* [Supplied information]:

........

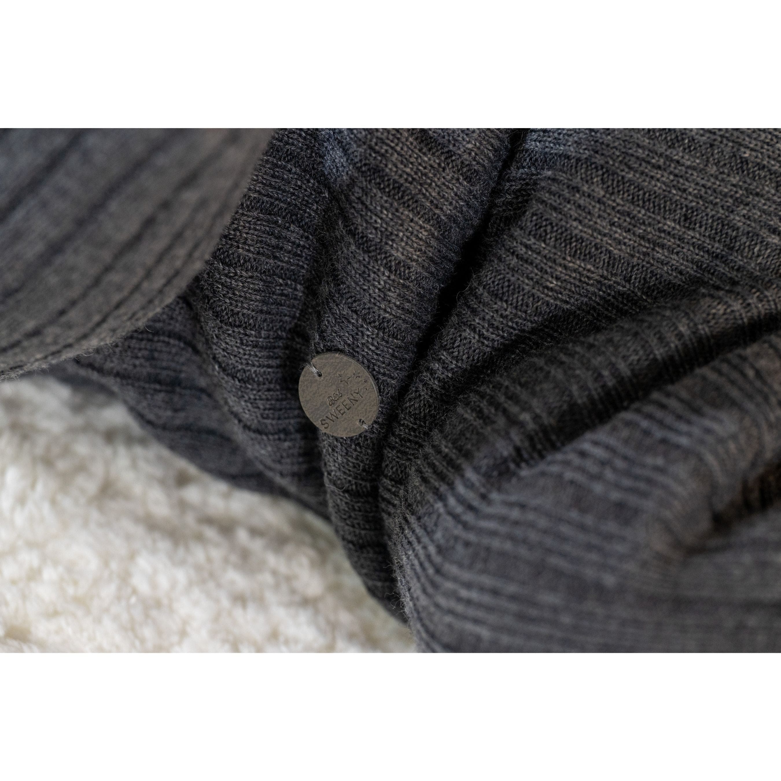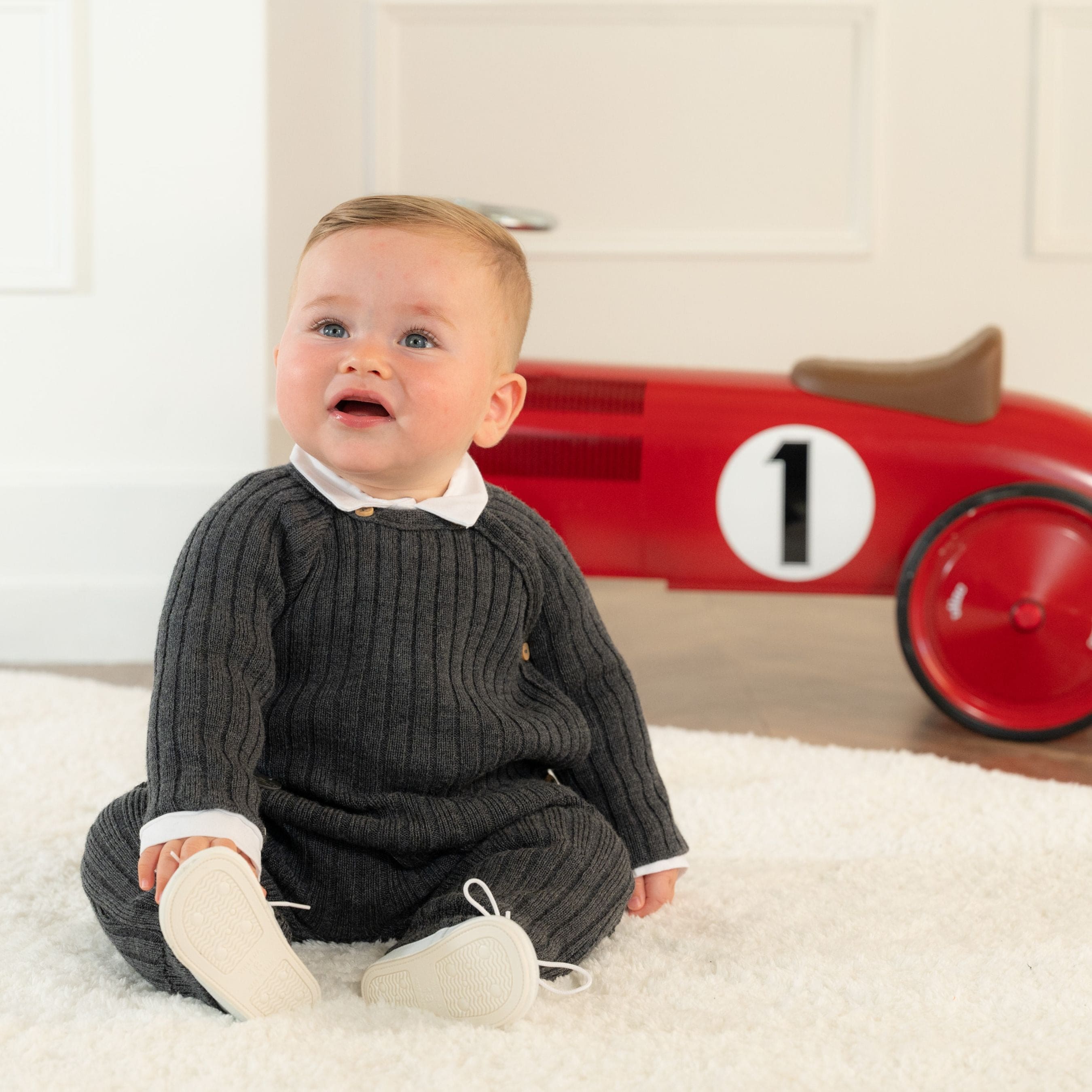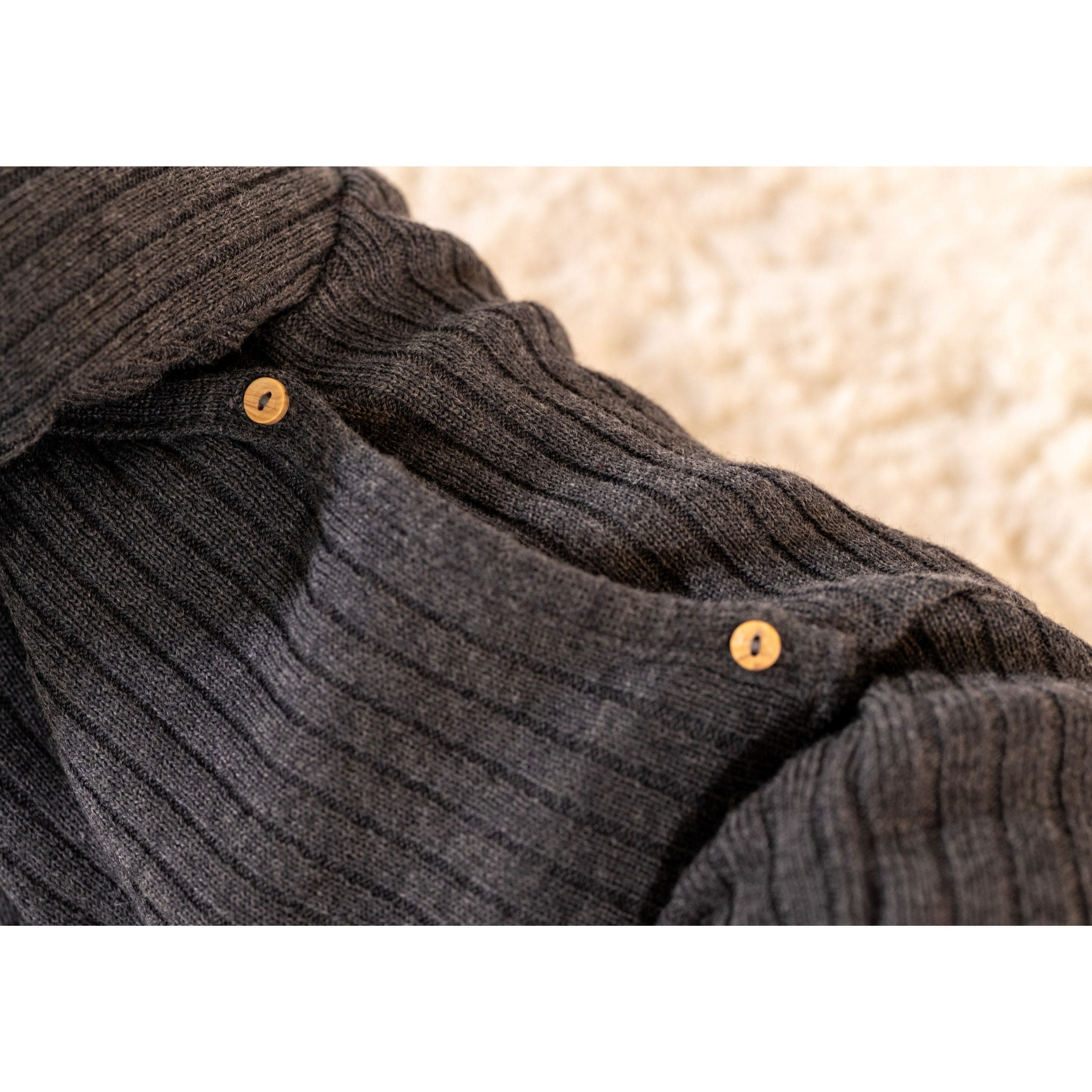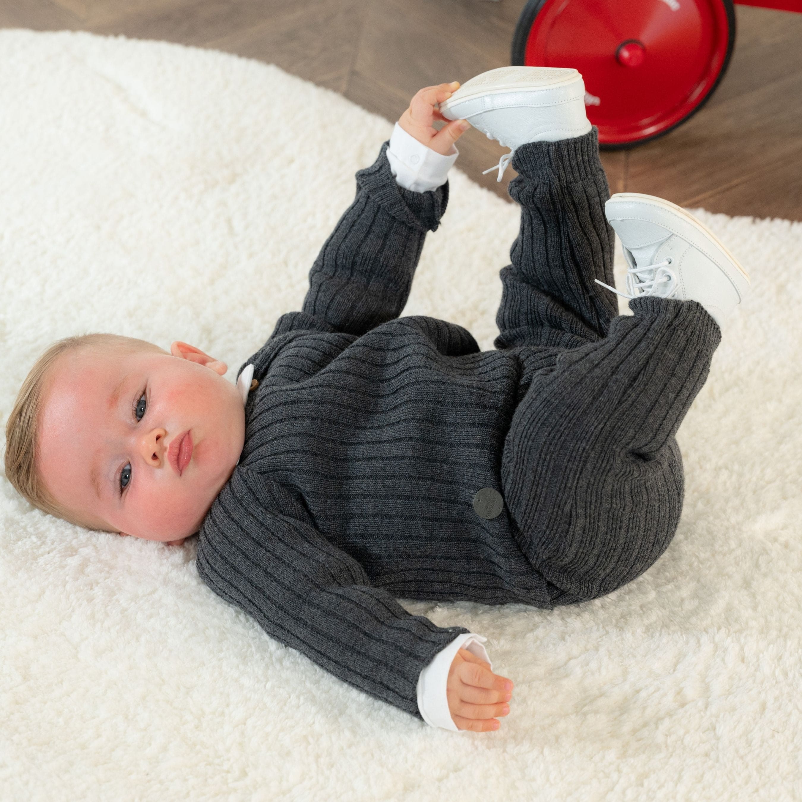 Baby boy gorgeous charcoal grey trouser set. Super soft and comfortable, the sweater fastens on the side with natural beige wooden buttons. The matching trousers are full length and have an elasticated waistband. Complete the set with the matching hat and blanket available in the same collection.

........

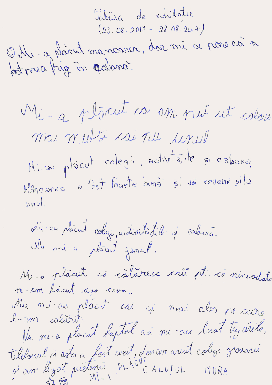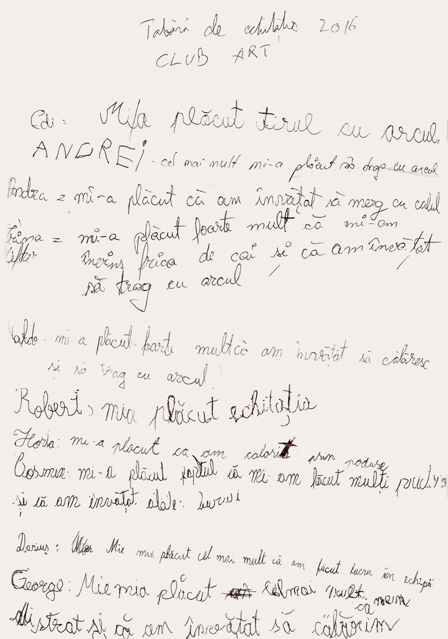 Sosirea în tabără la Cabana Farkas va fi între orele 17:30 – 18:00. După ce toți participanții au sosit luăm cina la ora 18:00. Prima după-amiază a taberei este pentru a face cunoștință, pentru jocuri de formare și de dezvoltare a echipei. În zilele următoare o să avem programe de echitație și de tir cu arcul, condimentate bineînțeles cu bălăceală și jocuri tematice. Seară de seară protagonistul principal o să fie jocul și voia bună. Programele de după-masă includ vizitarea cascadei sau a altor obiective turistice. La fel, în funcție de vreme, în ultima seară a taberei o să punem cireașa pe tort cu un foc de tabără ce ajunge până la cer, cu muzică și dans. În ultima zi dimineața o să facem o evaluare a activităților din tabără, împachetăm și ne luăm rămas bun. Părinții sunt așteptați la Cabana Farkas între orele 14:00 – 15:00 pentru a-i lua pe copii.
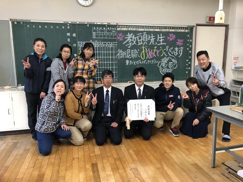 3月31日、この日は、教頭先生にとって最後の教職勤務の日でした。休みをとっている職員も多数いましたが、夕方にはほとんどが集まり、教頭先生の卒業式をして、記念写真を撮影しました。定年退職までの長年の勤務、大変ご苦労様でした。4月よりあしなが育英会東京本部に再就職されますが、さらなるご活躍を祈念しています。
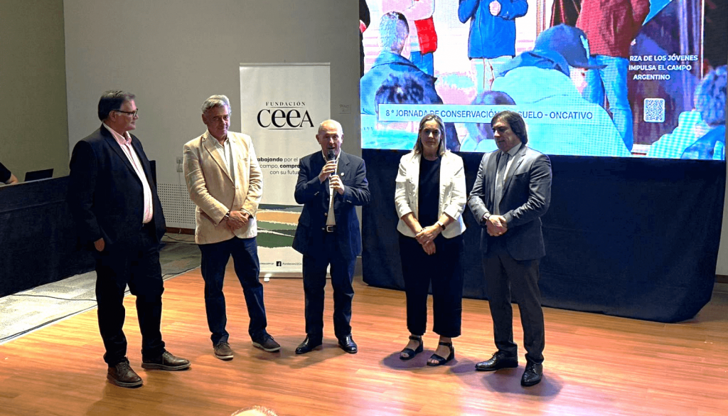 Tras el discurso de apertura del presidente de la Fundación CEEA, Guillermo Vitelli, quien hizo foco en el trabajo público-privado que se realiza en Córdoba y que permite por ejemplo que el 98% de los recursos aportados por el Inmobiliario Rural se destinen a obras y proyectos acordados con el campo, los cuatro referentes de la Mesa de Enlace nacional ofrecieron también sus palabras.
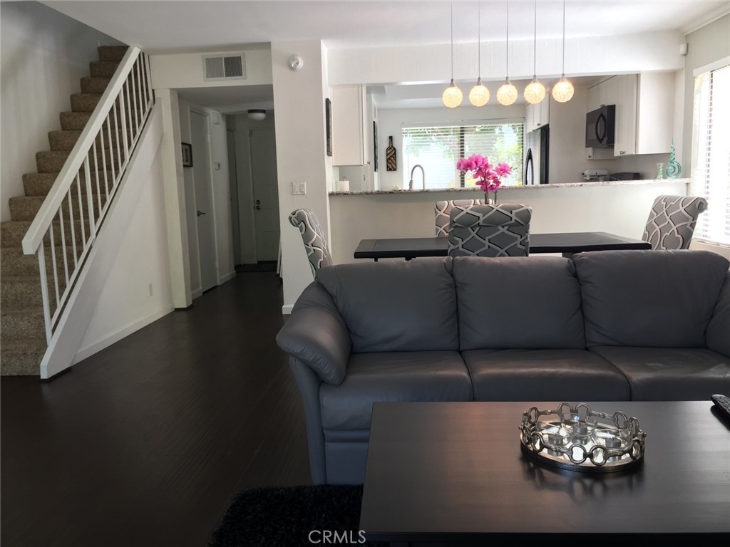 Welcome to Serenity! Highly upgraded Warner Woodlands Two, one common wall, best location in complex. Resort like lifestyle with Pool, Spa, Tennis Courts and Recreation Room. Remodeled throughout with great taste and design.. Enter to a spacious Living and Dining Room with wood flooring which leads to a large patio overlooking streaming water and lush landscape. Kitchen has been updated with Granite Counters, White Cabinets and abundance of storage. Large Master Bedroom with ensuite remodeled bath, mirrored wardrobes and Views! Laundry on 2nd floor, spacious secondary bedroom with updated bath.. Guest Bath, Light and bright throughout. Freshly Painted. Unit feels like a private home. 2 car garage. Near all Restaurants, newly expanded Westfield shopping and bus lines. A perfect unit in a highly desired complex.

........

* [Exercise objective]:
For the material above, give again only the lines starting at the line that contains "3月31日、この日は、教頭先" and ending at the line that contains "Tras el discurso". Pictures do not belong in the copy.

* [Solution below]:
 3月31日、この日は、教頭先生にとって最後の教職勤務の日でした。休みをとっている職員も多数いましたが、夕方にはほとんどが集まり、教頭先生の卒業式をして、記念写真を撮影しました。定年退職までの長年の勤務、大変ご苦労様でした。4月よりあしなが育英会東京本部に再就職されますが、さらなるご活躍を祈念しています。
 Tras el discurso de apertura del presidente de la Fundación CEEA, Guillermo Vitelli, quien hizo foco en el trabajo público-privado que se realiza en Córdoba y que permite por ejemplo que el 98% de los recursos aportados por el Inmobiliario Rural se destinen a obras y proyectos acordados con el campo, los cuatro referentes de la Mesa de Enlace nacional ofrecieron también sus palabras.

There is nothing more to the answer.